I eventually pinpointed two reasons. The first is mainly a matter of personal taste: The book has a loosely episodic structure, without much of a story arc or narrative drive. It's not pushing toward any goal, aside from Plorn's rather vague goal to learn to apply himself and please his father. There's nothing inherently wrong with that sort of structure, but it just doesn't appeal to me much. (There's a reason I prefer late Dickens to early Dickens.)
The second reason is more on the micro level: the often stiff and stilted nature of Plorn's narration. His sentence structure at times feels positively upside down and backwards -- for instance: "The question of whether Father had left the girl anything proved to be part of Alfred's musings, and many people would have said, why not?" Even in 1869, a more formal period, it beggars belief that an undereducated adolescent would talk like that. And the stiltedness has the added effect of distancing us from the young man instead of feeling that we're really getting to know him. Keneally gets so much else right in this book, I don't know why he had trouble getting the voice right, but I couldn't help wishing he had made more of an effort in that direction. It would have improved the book so much.
- D (A Tale of Two Worlds) by Michel Faber (Hanover Square Press, 2020)
This is another novel related to Dickens by another acclaimed novelist (Faber is the author of The Crimson Petal and the White, among others). And, unfortunately, it's another swing and a miss. I'm sorry, I feel like I'm being a grouch, but this book didn't work for me any better than The Dickens Boy did. It's a middle-grade novel that tells the story of Dhikilo, a young British girl adopted from Somaliland, who wakes up one morning to find that all the "D"s in the world have vanished. No one can say the letter, it's missing from road signs, even things like Dalmatians are disappearing -- and no one seems to notice but Dhikilo. It takes a visit to a mysterious retired professor and a doorway into another world, the Land of Liminus, for her to discover what's happening to the letter D, and what she can do about it.

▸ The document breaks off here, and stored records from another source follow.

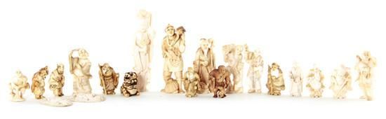 Collection carved ivory netuske, figural sculptures and medallions late 19th/early 20th century, various okimono figures and medallions. H1 1/2in to 5 1/4in (20pcs) Provenance: Charlotte, North Carolina estate.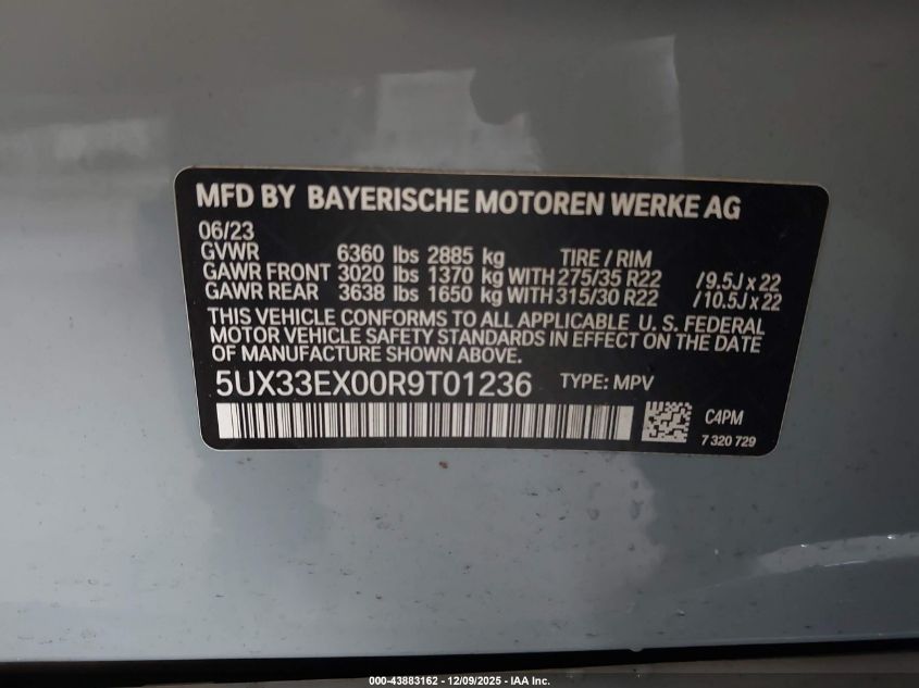 2024 BMW X6 2024 року Бензин, 3.0, Повний привід, vin - 5UX33EX00R9T01236 з США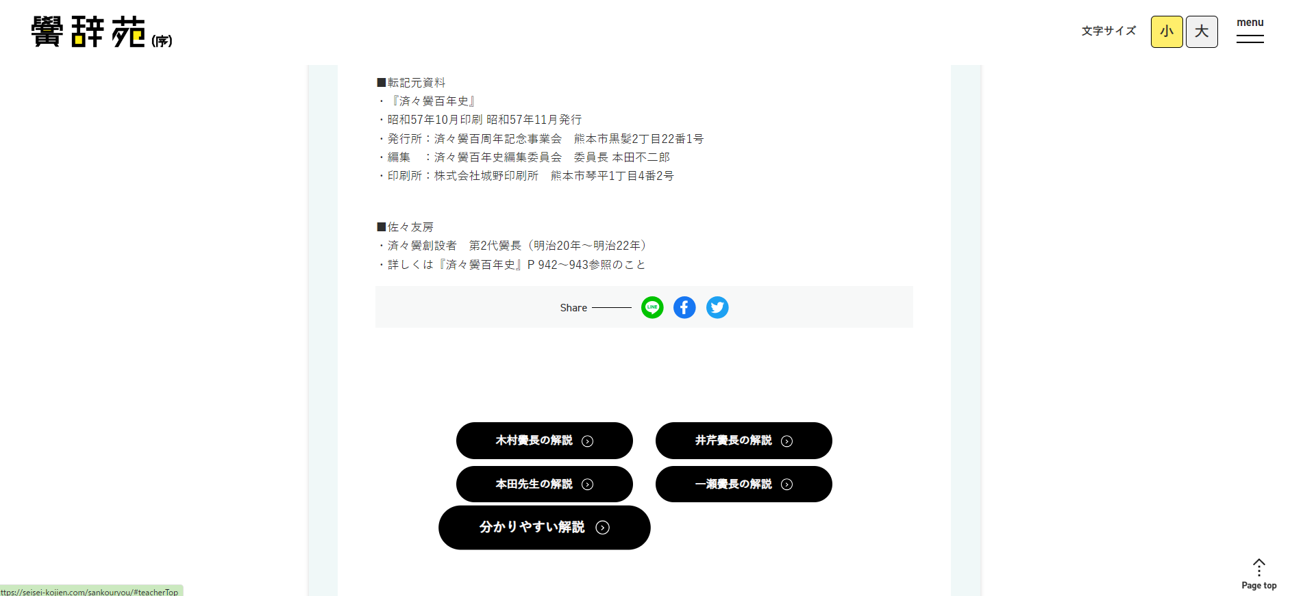 「いえいえ、濟々黌創立140周年記念のサイトです。濟々黌の事が丸分かりにあるから、広辞苑をもじって黌辞苑(こうじえん)」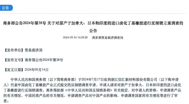 【炭黑產(chǎn)業(yè)網(wǎng)】9月19日消息,近日,中國鹵化丁基橡膠行業(yè)迎來重大進(jìn)展,浙江信匯新材料股份有限公司作為行業(yè)代表,已于2024年7月17日向商務(wù)部正式遞交了針對加拿大、日本及印度進(jìn)口鹵化丁基橡膠的反傾銷調(diào)查申請。此舉標(biāo)志著中國鹵化丁基橡膠產(chǎn)業(yè)在應(yīng)對國際市場競爭中邁出了關(guān)鍵一步。9月14日,商務(wù)部宣布正式啟動對該申請的反傾銷立案調(diào)查程序。

The plot reads as something of a cross between Alice in Wonderland, The Phantom Tollbooth, and Anne of Green Gables. The trouble is that there's little substance or coherence to it. In Liminus, Dhikilo encounters various characters and places named after Dickensian characters and places, but they don't have much of a resemblance or connection to those elements in Dickens's books. And the story as a whole doesn't hold together; at the beginning we learn all about Dhikilo's problems with her family and her life, but nothing she learns in Liminus helps her deal with those. There's no character arc, no heroic journey, nothing but a bunch of loosely connected episodes without much relation to each other. Again, an episodic structure without a heroic journey can work -- Alice in Wonderland is organized in much the same way, in fact -- but when so many issues are presented at the beginning of a story, you do expect them to be resolved in some way, not to just disappear.

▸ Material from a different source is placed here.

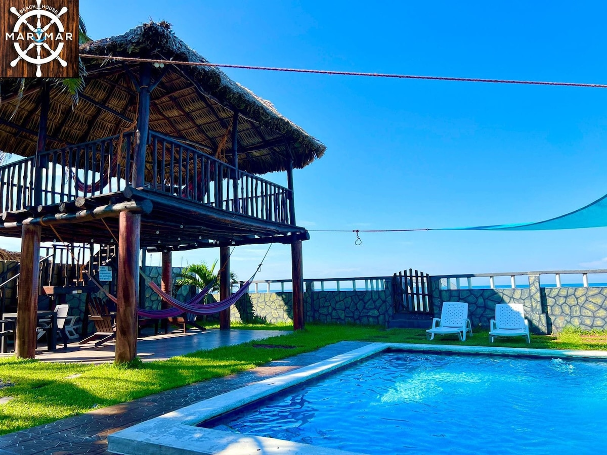 Front beach, amplio alojamiento es único , en la mejor zona de la costa del sol , con diferentes espacios para que disfrutes y si lo prefieres puedes contar con servicio de cocina de manera adicional, a 30 minutos del aeropuerto, somos petfriendly, amplia piscina , ranchos hamaqueros , jardines , 4 habitaciones, 6 baños , generalmente se alquila para 15 personas , pero tiene más habitaciones para albergar más , no querrás salir de la propiedad , pero hay más actividades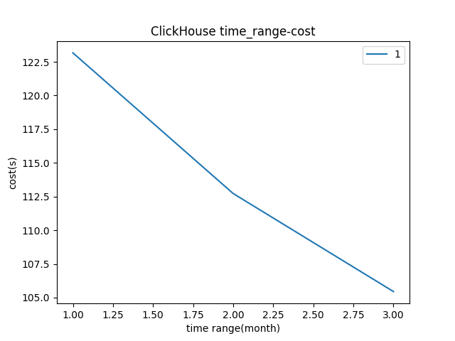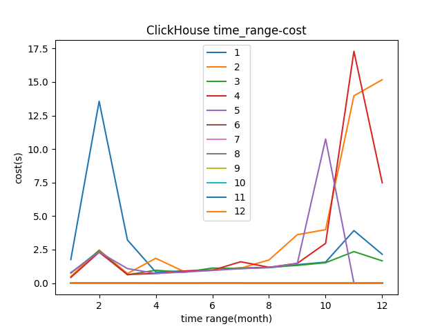 下图是ClickHouse的测试结果,x轴表示查询的时间范围,最大12个月,最小1个月,共测试12次。可以看到大部分耗时在3s内。

But the worst part of the story, for me, is that the elderly Professor Dodderfield -- clearly meant to represent Dickens -- has a guide dog called Mrs. Nelly Robinson, a shapeshifter who appears sometimes as a Labrador and sometimes as a sphinx, whom he sends with Dhikilo on her journey. Most middle-schoolers won't know this, of course, but Ellen "Nelly" Ternan, by the time she became Mrs. George Robinson, wanted nothing more than to put her relationship with Dickens behind her. So showing the Dickens character being served by a talking animal called Mrs. Robinson is in terrible taste, whether the middle-schoolers are aware of it or not.
As with The Dickens Boy, I had high hopes for this book -- but again, I'm afraid I was disappointed.